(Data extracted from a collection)
* * * * * * * * *

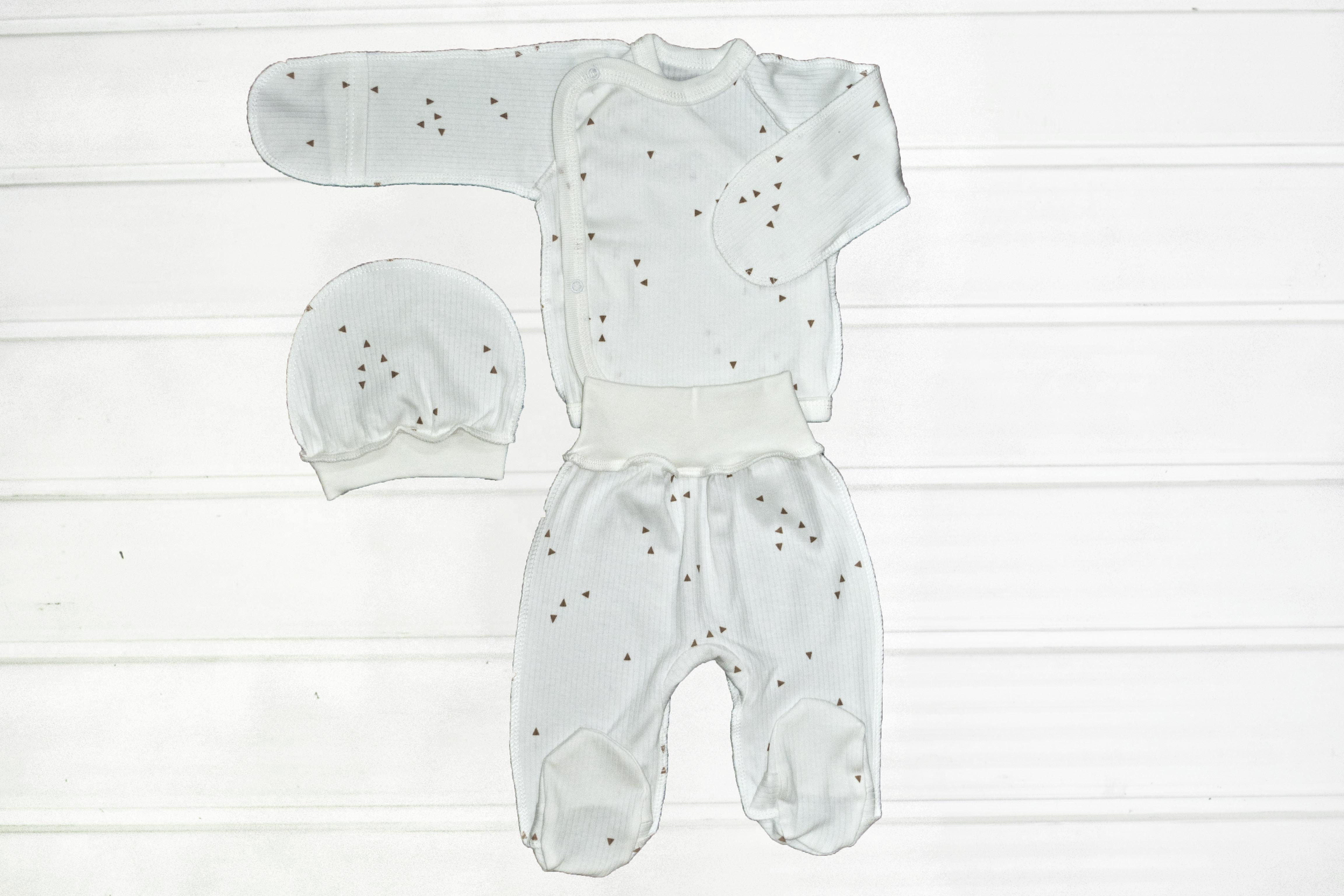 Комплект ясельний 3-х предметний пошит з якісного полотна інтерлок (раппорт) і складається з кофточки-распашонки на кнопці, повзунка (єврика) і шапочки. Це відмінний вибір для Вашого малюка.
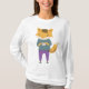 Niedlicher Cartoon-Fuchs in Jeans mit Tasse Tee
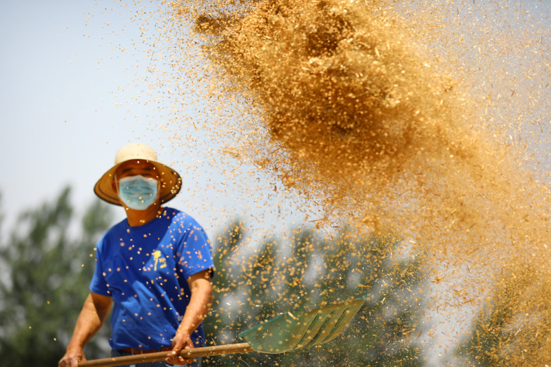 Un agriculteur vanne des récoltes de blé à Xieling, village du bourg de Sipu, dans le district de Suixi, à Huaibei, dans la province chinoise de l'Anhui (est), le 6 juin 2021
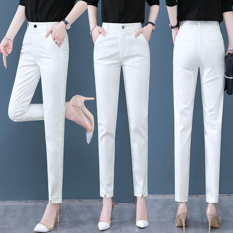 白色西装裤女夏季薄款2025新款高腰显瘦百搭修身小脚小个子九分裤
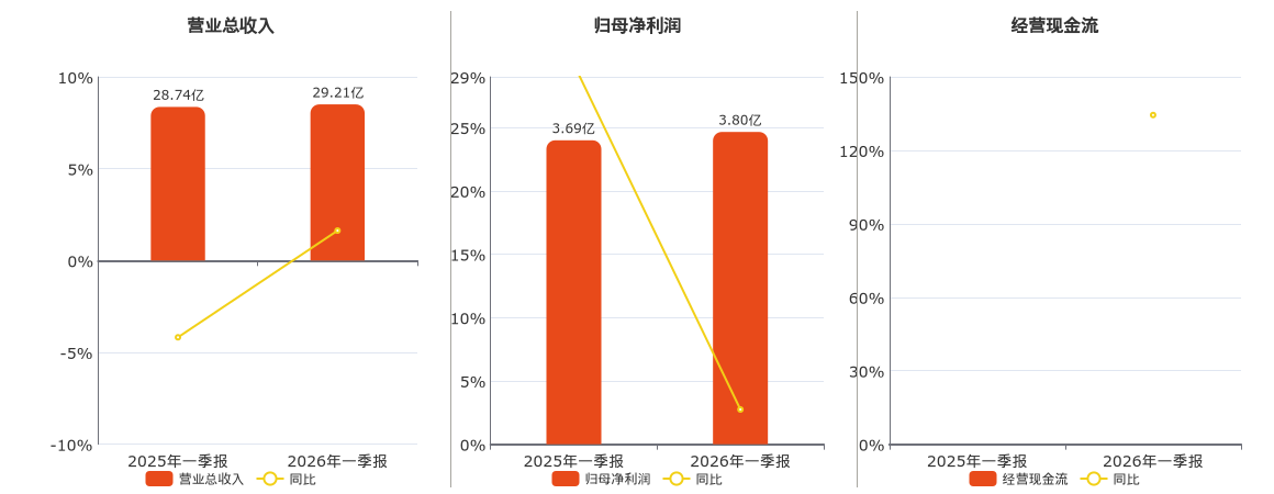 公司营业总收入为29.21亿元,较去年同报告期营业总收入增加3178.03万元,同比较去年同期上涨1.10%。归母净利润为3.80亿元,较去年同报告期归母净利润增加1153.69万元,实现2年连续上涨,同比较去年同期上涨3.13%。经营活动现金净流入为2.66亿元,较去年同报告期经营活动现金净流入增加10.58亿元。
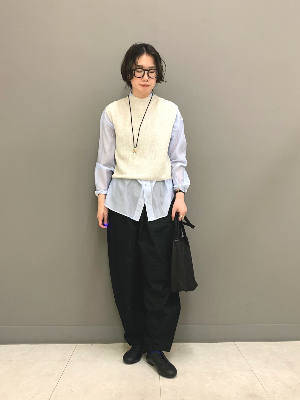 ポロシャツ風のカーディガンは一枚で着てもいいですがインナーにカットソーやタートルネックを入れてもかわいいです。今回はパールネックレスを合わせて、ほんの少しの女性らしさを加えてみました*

* * * * * * * * *

* [What you are asked to do]:
Omit the pictures and write out the remaining data exactly.

* [Result of this exercise]:
 Комплект ясельний 3-х предметний пошит з якісного полотна інтерлок (раппорт) і складається з кофточки-распашонки на кнопці, повзунка (єврика) і шапочки. Це відмінний вибір для Вашого малюка.
 Niedlicher Cartoon-Fuchs in Jeans mit Tasse Tee
 Un agriculteur vanne des récoltes de blé à Xieling, village du bourg de Sipu, dans le district de Suixi, à Huaibei, dans la province chinoise de l'Anhui (est), le 6 juin 2021
 白色西装裤女夏季薄款2025新款高腰显瘦百搭修身小脚小个子九分裤
 公司营业总收入为29.21亿元,较去年同报告期营业总收入增加3178.03万元,同比较去年同期上涨1.10%。归母净利润为3.80亿元,较去年同报告期归母净利润增加1153.69万元,实现2年连续上涨,同比较去年同期上涨3.13%。经营活动现金净流入为2.66亿元,较去年同报告期经营活动现金净流入增加10.58亿元。
 ポロシャツ風のカーディガンは一枚で着てもいいですがインナーにカットソーやタートルネックを入れてもかわいいです。今回はパールネックレスを合わせて、ほんの少しの女性らしさを加えてみました*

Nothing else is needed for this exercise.